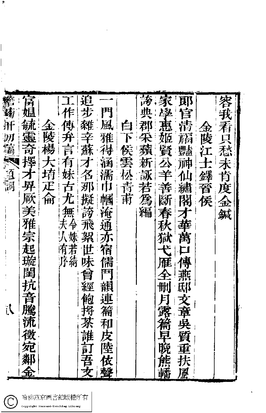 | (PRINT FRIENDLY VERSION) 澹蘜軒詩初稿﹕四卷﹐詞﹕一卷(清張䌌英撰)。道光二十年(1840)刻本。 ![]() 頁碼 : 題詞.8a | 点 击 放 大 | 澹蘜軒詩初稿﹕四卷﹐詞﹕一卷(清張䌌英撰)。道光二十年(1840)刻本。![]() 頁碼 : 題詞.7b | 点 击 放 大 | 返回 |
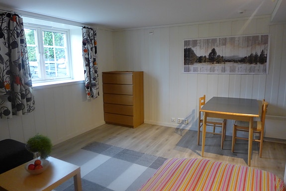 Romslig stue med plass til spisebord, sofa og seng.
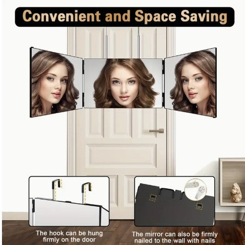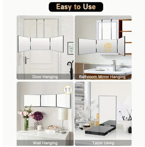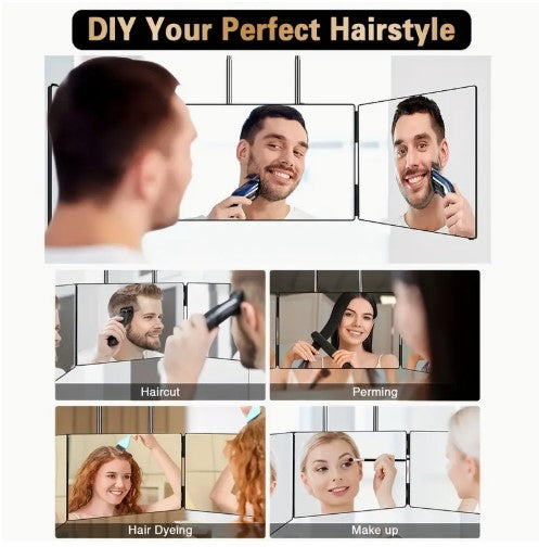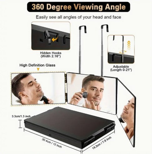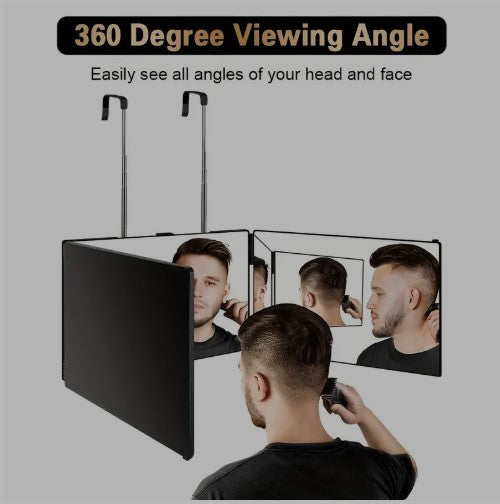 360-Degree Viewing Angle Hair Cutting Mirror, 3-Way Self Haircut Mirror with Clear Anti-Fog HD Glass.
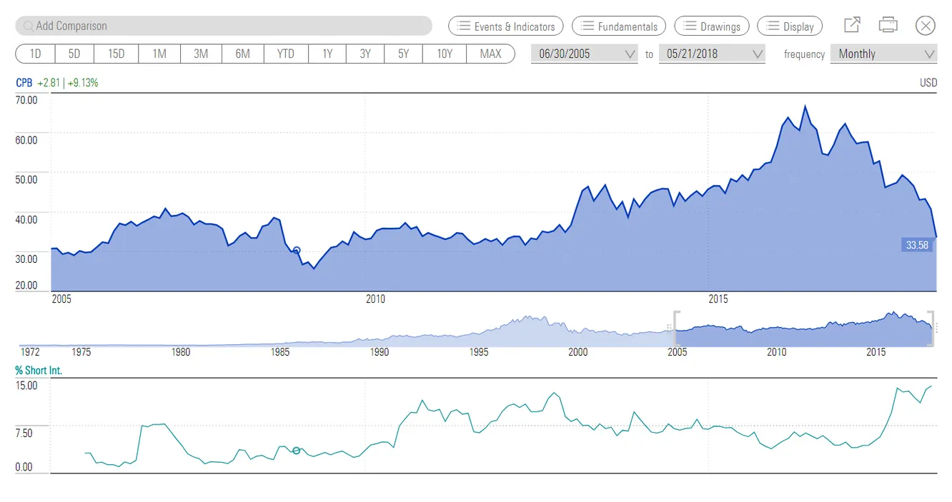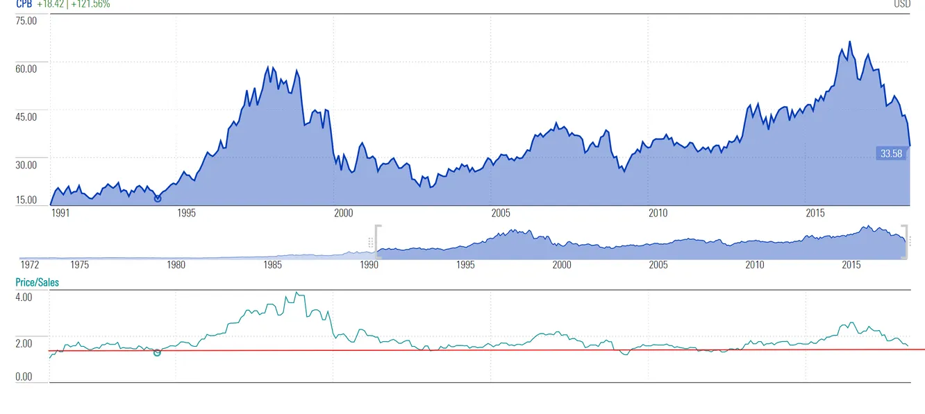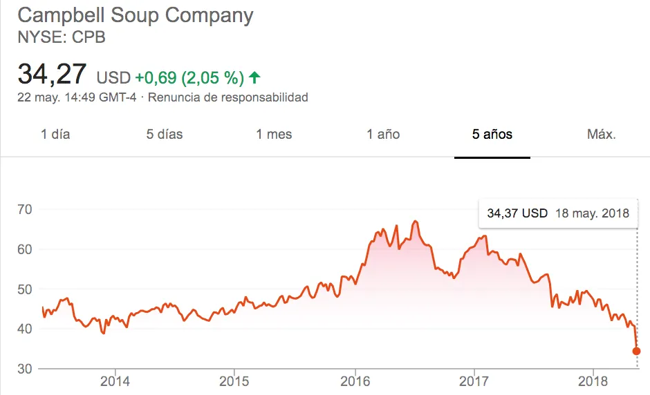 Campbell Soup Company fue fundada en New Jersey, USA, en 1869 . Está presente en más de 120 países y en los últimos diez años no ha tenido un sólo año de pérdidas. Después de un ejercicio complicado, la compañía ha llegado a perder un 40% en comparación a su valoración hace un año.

» **PROBLEM REQUIREMENTS**: When you find the line that contains "360-Degree Viewing Angle", retype it and every line after it through the end of the data above, exactly, with no pictures.

» **WRITTEN ANSWER**:
 360-Degree Viewing Angle Hair Cutting Mirror, 3-Way Self Haircut Mirror with Clear Anti-Fog HD Glass.
 Campbell Soup Company fue fundada en New Jersey, USA, en 1869 . Está presente en más de 120 países y en los últimos diez años no ha tenido un sólo año de pérdidas. Después de un ejercicio complicado, la compañía ha llegado a perder un 40% en comparación a su valoración hace un año.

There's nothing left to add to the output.